Defunct South African circus

The Boswell Wilkie Circus was a circus in South Africa that operated for around 75 years.

==Origins of the Boswell Gypsy family from the UK==
The Boswells were known for centuries as one of the "big" English Romani families, often referred to as "Kings of the Gypsies." They were famous for being horse dealers, fortune tellers, and later, legendary circus performers.

The transition from traditional Romani traveling to the circus was a common path for the Boswell family in the 1800s. James Boswell (1826–1859): The patriarch of the circus branch was a celebrated clown and horseman in England. James Clements Boswell: His son took the family’s horse-riding skills and turned them into a formal traveling show, founding the first Boswell’s Circus in the UK in the late 1800s.
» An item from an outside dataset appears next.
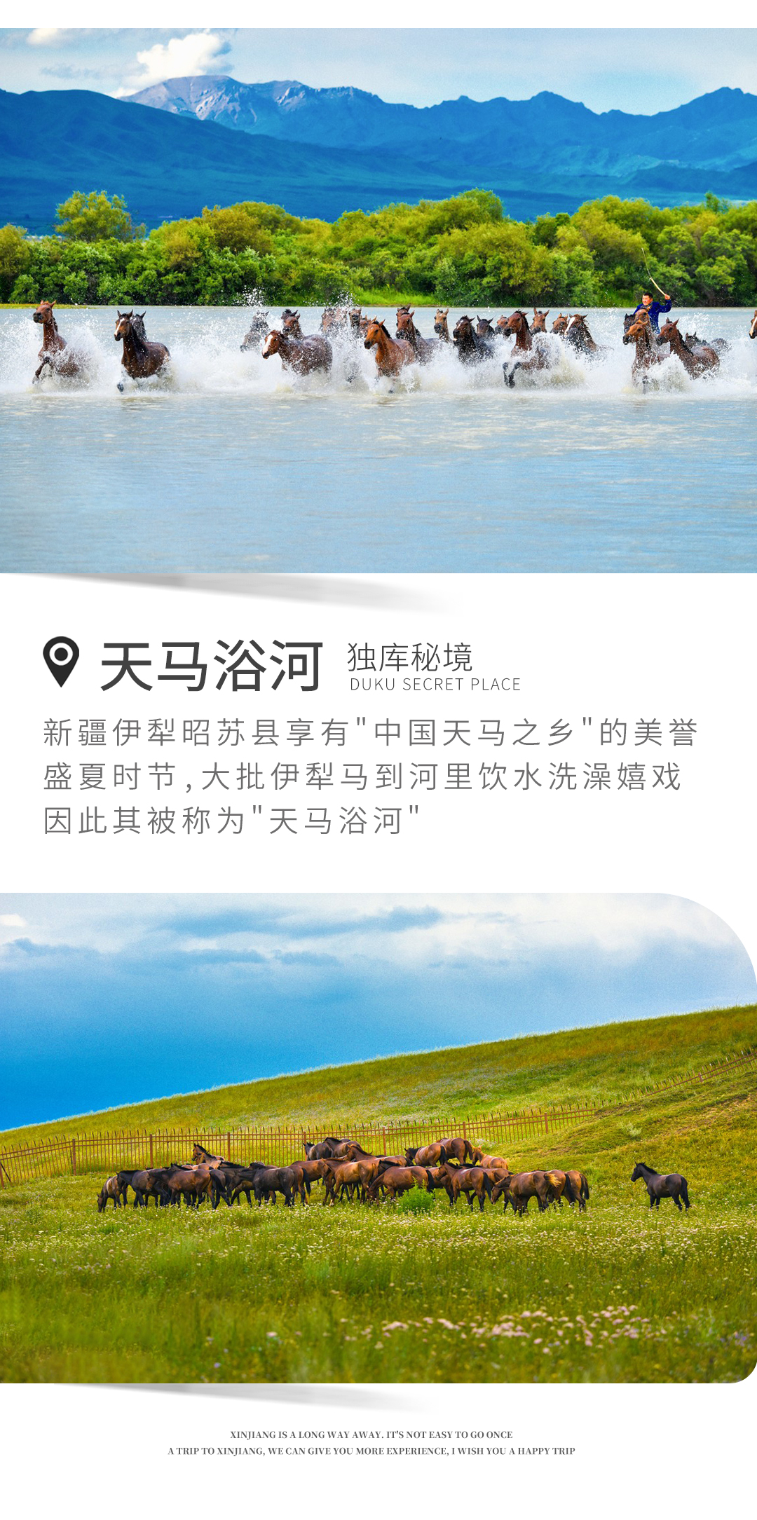早餐后约8点前往昭苏湿地,这里是伊犁州面积最大、海拔最高的高原湿地,也是中国为数不多的典型高原湿地公园,公园里森林茂密,芦苇丛生,水禽姿态优雅,争奇媲美,百鸟齐鸣,清脆悦耳,飞翔觅食,婀娜多姿。在这里,天蓝得过份,花开得放肆,景美得醉人,徜徉其中,整个身心都会彻底放松下来。新疆伊犁昭苏县享有"中国天马之乡"的美誉。盛夏时节,大批伊犁马到河里饮水洗澡、嬉戏奔腾,被称为"天马浴河"。2022年6月以来,昭苏县在湿地公园每天举行两次“天马浴河”节目表演。每次有40匹“天马”参加表演,牧民从山上赶着马匹一路驰骋而下,走近河岸。赶马人一声吆喝,马会立即在岸边停下来,稍微休整二三分钟,然后赶马人又一声号令,马瞬间跳进河流奋蹄奔腾而起,河面上水花飞溅四射,场面壮观奇美。

The family moved to South Africa in 1911.

==Circus origins==
The Boswell family started the show in 1913 in Vrededorp, a Johannesburg suburb. The family did most of the entertainment. Jim, Walter and Alf did tumbling acts while Walter and Alf were clowns. Jim leaped from the springboard over ten ponies and they showed ponies, donkeys and dogs.
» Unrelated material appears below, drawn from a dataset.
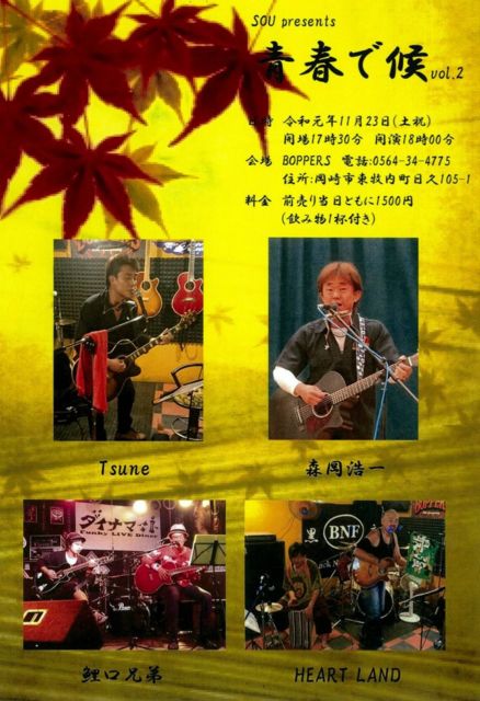 SOU presents 青春で候 vol.2 令和元年11月23日(土祝) 開場 17時30分 開演 18時00分 会場 BOPPERS 料金 前売り当日ともに1500円 1ドリンク付 森岡浩一 Tsune 鯉口兄弟 HEART LAND

It was one of the first shows to allow racially mixed audiences and it became a staple in South Africa. It was one of the first to defy the apartheid government's ban on Sunday entertainment. Wilkie's daughter Susie began performing when she was three and her brother, Robert, was the youngest person to become a circus director and manager.

==First World War==
During the First World War, the circus didn't perform much. From 1916 and after, the Boswells became known as the Boswell Brothers Circus and Menagerie, and they would eventually be called just the Boswell's Circus.

==Between the wars==

In 1919, the Boswells had their first show since the war in Durban. The Boswells started to put effort into enlarging their circus. The first Asian elephant was bought in 1921 from Frank Willison, an American who had a circus in Madagascar. Jim also started training his first lion group. In 1924 Boswell’s Circus undertook a tour that took them through Southern and Northern Rhodesia (now Zimbabwe and Zambia), Mozambique, and up into the Belgian Congo for the first time. In 1932, during the worldwide recession, the Boswells held special charity performances in Durban. They gave a show in aid of the unemployed with the patronage of the Governor-General and the Countess of Clarendon. They also allowed unemployed people to sleep in the tent and they put on a performance for 1000 poor children and the elderly.

==Second World War==
In 1941 there was great interest in the 21-year-old Helen Ayres of Pretoria. She handled the lions with great courage. She was the wife of Stanley, having married him in 1939. Three of the four original Boswell brothers retired in 1942.

==After the war==
In 1953, the Boswell family entered into an agreement with the African Consolidated Theatres Organization. In November 1963, Jim and Syd Boswell sold the rest of their shares to the African Theatres. The terms of the settlement included that it would now be known as the Boswell-Wilkie Circus.

==Circus closing==
The Boswell Wilkie Circus had its final show in October 2001. After difficult economic times in South Africa, the circus announced that the touring side would stop. Their final performance was on 13 October in Alberton, Gauteng. The circus then moved to Randvaal. The circus continued to perform just for corporate functions and Christmas parties.